L’ITALIA non è un Paese per giovani. Lo sappiamo bene, ormai da tempo. Infatti, ogni 100 ragazzi, sotto i 15 anni, ce sono quasi 160, oltre i 65. E nei prossimi 10 anni, secondo l’Istat, sono destinati a crescere in misura esponenziale. Fin quasi a 260. D’altronde, l’età mediana, nel nostro Paese, sfiora i 50 anni. Sono dati ormai noti, anche ai non addetti ai lavori. Basta guardarsi intorno, per accorgersi che i giovani e i giovanissimi sono una razza in via di estinzione.
TABELLE – LE PAROLE DEL FUTURO
Aggiungiamo che i flussi migratori non ci vedono solo come un Paese di destinazione. Ma soprattutto di passaggio, visto che buona parte degli immigrati che giunge in Italia lo fa per andare altrove. In Germania e in Gran Bretagna, anzitutto. Peraltro, anche l’Italia è divenuta Paese di “emigrazione”. Nell’ultimo periodo, infatti, sono espatriati, in media, oltre 100 mila italiani l’anno. Nel 2016: 106 mila. In maggioranza: giovani, fra 18 e 34 anni. Con titolo di studio e livelli professionali elevati. Se ne vanno dall’Italia perché qui non trovano sbocchi occupazionali adeguati.
Ormai, si tratta di una convinzione diffusa e consolidata: circa 6 persone su 10, infatti, pensano, realisticamente, che i figli – a differenza del passato – non riusciranno a riprodurre o, a maggior ragione, a migliorare la posizione sociale dei genitori.
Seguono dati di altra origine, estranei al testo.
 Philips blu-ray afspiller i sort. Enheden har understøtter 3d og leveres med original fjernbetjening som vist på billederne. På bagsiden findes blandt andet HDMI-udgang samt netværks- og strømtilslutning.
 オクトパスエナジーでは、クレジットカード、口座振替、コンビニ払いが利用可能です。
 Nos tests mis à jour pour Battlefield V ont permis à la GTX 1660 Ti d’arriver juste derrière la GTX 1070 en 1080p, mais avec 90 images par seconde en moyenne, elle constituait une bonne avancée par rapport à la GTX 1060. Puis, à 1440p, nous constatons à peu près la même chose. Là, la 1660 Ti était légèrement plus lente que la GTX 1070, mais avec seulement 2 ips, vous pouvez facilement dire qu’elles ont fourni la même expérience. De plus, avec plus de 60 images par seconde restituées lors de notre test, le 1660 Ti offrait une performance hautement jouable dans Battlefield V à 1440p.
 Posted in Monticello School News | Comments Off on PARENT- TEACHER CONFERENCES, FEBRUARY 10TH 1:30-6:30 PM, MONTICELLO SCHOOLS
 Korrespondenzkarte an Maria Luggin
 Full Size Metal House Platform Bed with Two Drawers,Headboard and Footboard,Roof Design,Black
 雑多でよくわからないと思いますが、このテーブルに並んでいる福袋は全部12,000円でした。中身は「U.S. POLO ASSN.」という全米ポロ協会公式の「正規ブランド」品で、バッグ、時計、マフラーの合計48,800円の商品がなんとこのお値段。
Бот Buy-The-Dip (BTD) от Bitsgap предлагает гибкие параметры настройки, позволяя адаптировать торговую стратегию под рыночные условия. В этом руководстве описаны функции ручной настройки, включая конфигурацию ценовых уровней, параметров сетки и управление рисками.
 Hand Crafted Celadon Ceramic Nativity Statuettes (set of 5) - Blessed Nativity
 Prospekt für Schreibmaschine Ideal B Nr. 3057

Mentre 2 italiani su 3 ritengono che, per fare carriera, i giovani se ne debbano andare altrove. E si comportano di conseguenza. Se ne vanno e non ritornano. Per questo, la rappresentazione del mondo delineata dai giovani appare sempre più ripiegata sul passato. Sempre meno aperta. Il linguaggio riflette e ripropone, in modo marcato, questa visione.
Lo conferma il sondaggio dell’Osservatorio di Demos-Coop, dedicato al Dizionario dei nostri tempi, condotto e presentato nei giorni scorsi su Repubblica.
Le parole dei giovani, infatti, si distinguono e si caratterizzano proprio per questo. Perché richiamano il passato più del futuro. I giovani: guardano indietro. Ancor più dei loro genitori. La parola “Speranza”, nella popolazione, è proiettata nel “futuro”, da quasi due persone su tre. Ma fra i giovanissimi (15-24 anni) la proporzione si riduce sensibilmente: 57%. E fra i giovani-adulti (25-34 anni) crolla al 41%. La nostra gioventù: ha poca speranza. Tanto più nella transizione verso l’età adulta. Più che in avanti, pare scivolare indietro. Verso il passato prossimo. Per questo i giovani non credono molto nella “ripresa”. I giovani-adulti ancor di meno. Più che a “riprendere” pensano a “resistere”. Perché sono disillusi. Secondo loro, il “merito” conta poco, nel lavoro. E, in generale, nella vita. Oggi. E tanto più domani. Per questo di fronte all’Italia appaiono disillusi. Anche se non delusi.
Il Presidente degli USA, discusso per lo stile e i contenuti del suo messaggio, prima ancora che per le sue scelte politiche. Ebbene, secondo un quarto degli italiani, Trump è destinato ad avere più importanza. Domani. Nel futuro. Ma fra i giovani e ancor più fra i giovanissimi questa misura cresce ancora. Di più. Fino al 36%. Questi giovani: sembrano in difficoltà a orientarsi. A spingersi, a proiettarsi e a progettarsi. In avanti. A uno sguardo d’insieme, magari affrettato: evocano l’idea di una generazione che ha perduto la speranza. E non riesce a trovare buone ragioni per
credere nel futuro. Questa generazione. Evoca un’ombra che incombe su tutta la nostra società. Perché i giovani sono il nostro futuro. E se i giovani perdono la speranza come possiamo sperare nel futuro della nostra società? Come possiamo sperare nel futuro?